Collection entries
== Segment start ==
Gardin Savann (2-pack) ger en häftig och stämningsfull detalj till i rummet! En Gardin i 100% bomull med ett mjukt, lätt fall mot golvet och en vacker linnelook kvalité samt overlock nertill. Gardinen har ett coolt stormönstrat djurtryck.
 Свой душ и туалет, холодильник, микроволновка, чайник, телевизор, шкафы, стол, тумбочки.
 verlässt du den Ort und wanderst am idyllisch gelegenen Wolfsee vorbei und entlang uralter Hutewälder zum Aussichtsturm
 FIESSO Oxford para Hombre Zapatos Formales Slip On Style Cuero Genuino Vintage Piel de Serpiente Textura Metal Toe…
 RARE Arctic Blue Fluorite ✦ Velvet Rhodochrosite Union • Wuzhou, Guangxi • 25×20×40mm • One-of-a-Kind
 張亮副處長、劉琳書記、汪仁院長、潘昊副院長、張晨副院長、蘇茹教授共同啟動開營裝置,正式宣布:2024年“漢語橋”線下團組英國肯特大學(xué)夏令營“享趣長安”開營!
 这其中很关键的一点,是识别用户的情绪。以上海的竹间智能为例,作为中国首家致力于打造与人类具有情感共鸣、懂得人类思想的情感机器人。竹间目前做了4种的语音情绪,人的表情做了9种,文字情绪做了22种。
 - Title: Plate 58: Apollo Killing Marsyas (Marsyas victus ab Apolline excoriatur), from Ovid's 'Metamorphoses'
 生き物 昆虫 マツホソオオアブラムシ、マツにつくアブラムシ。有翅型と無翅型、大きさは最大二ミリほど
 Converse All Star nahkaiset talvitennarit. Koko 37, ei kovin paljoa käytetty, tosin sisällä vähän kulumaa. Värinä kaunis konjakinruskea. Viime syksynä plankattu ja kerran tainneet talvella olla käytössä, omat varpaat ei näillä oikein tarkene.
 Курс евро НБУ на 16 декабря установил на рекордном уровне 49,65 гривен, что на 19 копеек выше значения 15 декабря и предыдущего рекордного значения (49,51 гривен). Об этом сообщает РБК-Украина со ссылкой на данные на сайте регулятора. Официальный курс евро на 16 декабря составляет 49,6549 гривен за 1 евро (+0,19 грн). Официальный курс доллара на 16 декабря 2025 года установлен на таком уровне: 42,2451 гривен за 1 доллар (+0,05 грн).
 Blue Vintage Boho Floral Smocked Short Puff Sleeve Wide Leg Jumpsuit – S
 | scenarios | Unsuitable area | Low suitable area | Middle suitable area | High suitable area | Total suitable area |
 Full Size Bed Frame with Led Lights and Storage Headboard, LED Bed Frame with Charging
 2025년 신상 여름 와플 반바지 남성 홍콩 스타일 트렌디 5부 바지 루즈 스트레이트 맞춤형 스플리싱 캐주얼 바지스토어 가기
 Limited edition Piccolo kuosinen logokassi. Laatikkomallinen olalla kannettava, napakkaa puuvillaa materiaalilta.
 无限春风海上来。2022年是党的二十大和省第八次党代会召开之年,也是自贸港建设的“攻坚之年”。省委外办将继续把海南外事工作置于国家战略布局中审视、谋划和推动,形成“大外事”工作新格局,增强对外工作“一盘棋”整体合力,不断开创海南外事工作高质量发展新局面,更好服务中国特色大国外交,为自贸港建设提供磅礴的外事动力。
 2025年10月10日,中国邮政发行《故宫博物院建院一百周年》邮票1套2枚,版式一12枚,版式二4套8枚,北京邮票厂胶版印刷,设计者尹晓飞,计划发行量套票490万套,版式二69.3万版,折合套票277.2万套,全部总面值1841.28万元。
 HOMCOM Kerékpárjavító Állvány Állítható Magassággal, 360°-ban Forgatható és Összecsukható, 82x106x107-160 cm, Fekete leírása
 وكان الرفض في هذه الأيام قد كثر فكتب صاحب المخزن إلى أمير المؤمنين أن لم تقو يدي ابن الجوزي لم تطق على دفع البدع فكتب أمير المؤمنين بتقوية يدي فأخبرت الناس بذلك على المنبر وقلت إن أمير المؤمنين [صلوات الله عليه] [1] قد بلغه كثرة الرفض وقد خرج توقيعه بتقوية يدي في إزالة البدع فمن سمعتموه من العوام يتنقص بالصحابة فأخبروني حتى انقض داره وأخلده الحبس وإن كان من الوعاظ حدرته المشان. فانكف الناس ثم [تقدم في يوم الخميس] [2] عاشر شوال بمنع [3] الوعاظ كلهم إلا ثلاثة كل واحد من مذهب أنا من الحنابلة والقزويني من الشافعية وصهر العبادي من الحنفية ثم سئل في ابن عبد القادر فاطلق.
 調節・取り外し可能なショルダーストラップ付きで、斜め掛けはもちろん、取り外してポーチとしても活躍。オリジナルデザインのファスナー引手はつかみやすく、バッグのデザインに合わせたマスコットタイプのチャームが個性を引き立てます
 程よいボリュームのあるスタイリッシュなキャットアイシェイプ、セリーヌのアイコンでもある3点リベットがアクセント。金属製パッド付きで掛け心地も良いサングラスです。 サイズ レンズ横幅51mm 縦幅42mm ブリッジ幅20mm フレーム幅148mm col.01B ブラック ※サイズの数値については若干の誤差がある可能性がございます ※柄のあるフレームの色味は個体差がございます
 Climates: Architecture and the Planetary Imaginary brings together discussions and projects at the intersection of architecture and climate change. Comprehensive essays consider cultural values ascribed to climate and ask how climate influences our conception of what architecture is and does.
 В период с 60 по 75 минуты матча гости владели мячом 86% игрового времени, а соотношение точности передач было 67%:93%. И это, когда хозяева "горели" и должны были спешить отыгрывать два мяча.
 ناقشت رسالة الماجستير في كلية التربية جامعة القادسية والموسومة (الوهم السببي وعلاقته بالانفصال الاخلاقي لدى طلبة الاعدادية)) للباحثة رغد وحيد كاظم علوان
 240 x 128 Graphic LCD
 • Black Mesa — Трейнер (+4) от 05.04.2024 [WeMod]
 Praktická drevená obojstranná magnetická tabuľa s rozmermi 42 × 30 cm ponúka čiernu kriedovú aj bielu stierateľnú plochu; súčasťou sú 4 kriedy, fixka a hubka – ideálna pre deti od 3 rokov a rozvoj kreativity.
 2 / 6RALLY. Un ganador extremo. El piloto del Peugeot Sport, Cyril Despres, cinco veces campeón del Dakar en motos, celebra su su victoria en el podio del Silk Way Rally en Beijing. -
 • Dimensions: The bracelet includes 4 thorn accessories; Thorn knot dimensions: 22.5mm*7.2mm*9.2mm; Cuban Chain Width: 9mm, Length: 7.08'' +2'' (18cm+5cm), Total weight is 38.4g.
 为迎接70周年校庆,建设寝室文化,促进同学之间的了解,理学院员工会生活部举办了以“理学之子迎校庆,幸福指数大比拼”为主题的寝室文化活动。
== Segment end ==
TASK TO CARRY OUT
Once you have identified the lines above that contain "Vintage", copy each of them.

PROBLEM SOLUTION
 FIESSO Oxford para Hombre Zapatos Formales Slip On Style Cuero Genuino Vintage Piel de Serpiente Textura Metal Toe…
 Blue Vintage Boho Floral Smocked Short Puff Sleeve Wide Leg Jumpsuit – S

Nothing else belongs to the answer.